Monday, April 30, 2018

America’s Ginsengland stresses out

I can honestly say that, in my many, many years of life, I have given zero conscious thought to ginseng. If we were playing word-association, it would be 1) tea; 2) China; 3) health food stores. If over the course of those many, many years of life, I’ve ingested ginseng I’m guessing it was in Chinese food. Or maybe I’m getting it confused with ginger. (Perhaps I should be taking ginseng for confusion and memory lapses.)

But it I’d grown up in Marathon County, Wisconsin – which, blessedly, I did not – I’d know plenty about ginseng.

Wisconsin, you ask? As in America’s Dairyland?

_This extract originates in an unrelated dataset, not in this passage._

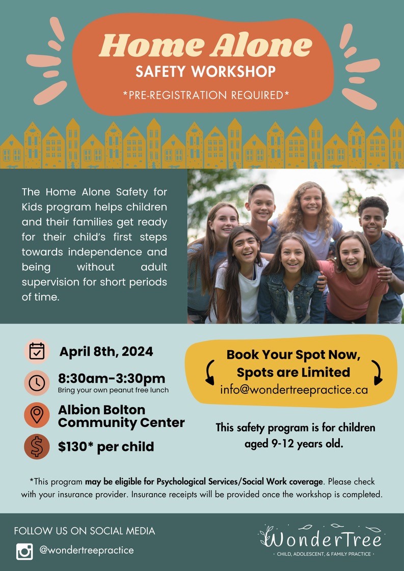 The Home Alone Safety for Kids program helps children and their families get ready for their child's first steps towards independences and being wtihout adult supervision for short periods of time. The program is intended for children aged 9-12 years old, and will be run by a clinical psychologist and developmental social worker. Key topics we will be going over are but not limited to: street safety, identifying "tricky" people, preparing a safe snack without adult supervision, online safety, fire safety, and basic first aid. Please email info@wondertreepractice.ca to register your child, the fee is $130 per child and may be covered by insurance under psychological/social work services.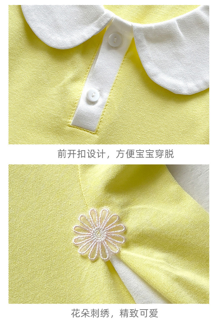 四款神仙颜色可选! 💗粉色娇俏、💛黄色活力、💙蓝色清新、💜紫色梦幻。 不管哪种颜色,配上精致娃娃领和可爱刺绣,都超迷人✨~宝妈们别纠结啦,赶紧给宝贝挑一挑呀🥰!

Yes, that Wisconsin, where it’s not all contented cows, Sargento cheese, and Green Bay Packers fans (a.k.a., Cheeseheads) sporting wedge o’ cheese hats. At least not in Marathon County.

This rural area built an important local industry as a purveyor of a premium product for China’s rising middle class, where its ginseng is sold in boxes bearing the American flag and the line, “Something Special from Wisconsin.”

…Ginseng exports are a $30 million industry in Marathon County, and local economists estimate that each new job in ginseng creates as many as four additional jobs. (Source: Washington Post)

Oh, ginseng isn’t all that Marathon County has going for it. The county’s largest city is Wausau, known for insurance (its eponymous insurance company is now part of Liberty Mutual) and for manufacturing. And there is nearly one dairy cow for each of the county’s 135k two-legged residents. But ginseng is an important product – especially for the 180 local farmers who grow it in America’s Ginsengland:

This rural area built an important local industry as a purveyor of a premium product for China’s rising middle class, where its ginseng is sold in boxes bearing the American flag and the line, “Something Special from Wisconsin.”

…Historically, middle- and upper-class Chinese consumers have given the pricey root as gifts, or used it to brew teas and broths believed to confer health benefits. As the Chinese middle class has grown, however, so has the demand for Wisconsin ginseng — from bitter candies to K-cups.

Bitter candies and ginseng K-cups? Include me out, please. (Side note: this reminds me of the absolutely worst piece of candy I ever ate. It was on a childhood trip to Sturbridge Village – an old timey fake early 1800’s era town – and we were either given a sample or my father bought a bag. Anyway, I remember spitting the terrible candy out immediately, and feeling nauseated for hours after. What a bitter, nasty candy that was. But what do you expect from horehound, which is used, among other things, as a vermifuge. And, yes, I had to look it up to find out it means something that expels intestinal parasites. If that was the big treat available in the 19th century, I’d rather have grow up in Marathon County in the 1950’s than Sturbridge Village in the 1850’s. And that’s even if we spotted Sturbridge Village some indoor plumbing.)

Anyway, Wisconsin ginseng is pricier than more plentiful variants grown in Korea and China, but even with that, making a living off of ginseng is a tough go. And the going’s likely going to get tougher when the 15 percent tariff that China recently leveled on ginseng (among other agricultural products) clicks in. Locals are anticipating – and fearing - a decline in sales.

Growers fear the tariff is likely to reduce demand in China, leading dried roots to pile up stateside and cutting wholesale prices.

China placed tariffs on U.S. chicken parts in 2009 as part of a trade dispute with the Obama administration. That market never recovered: China turned to Brazil instead.

Wisconsin ginseng growers aren’t afraid of Brazil. It’s Canada that exports a lot of ginseng and could pick up the Wisconsin piece of the action if the tariff prices Marathon County out.

It’s almost gratuitous to say that Marathon County voted overwhelmingly for Trump, perhaps buying into the ‘trade wars are good and easy to win’ philosophy. Sigh.

Be careful what you wish for sounds like something straight out of a fortune cookie, doesn’t it?

Globalization absolutely has winners and losers. And even if it pretty much always aggregates into an overall win, that’s cold comfort to those who lose out on the micro level. Time for a stress-reducing cup of ginseng tea.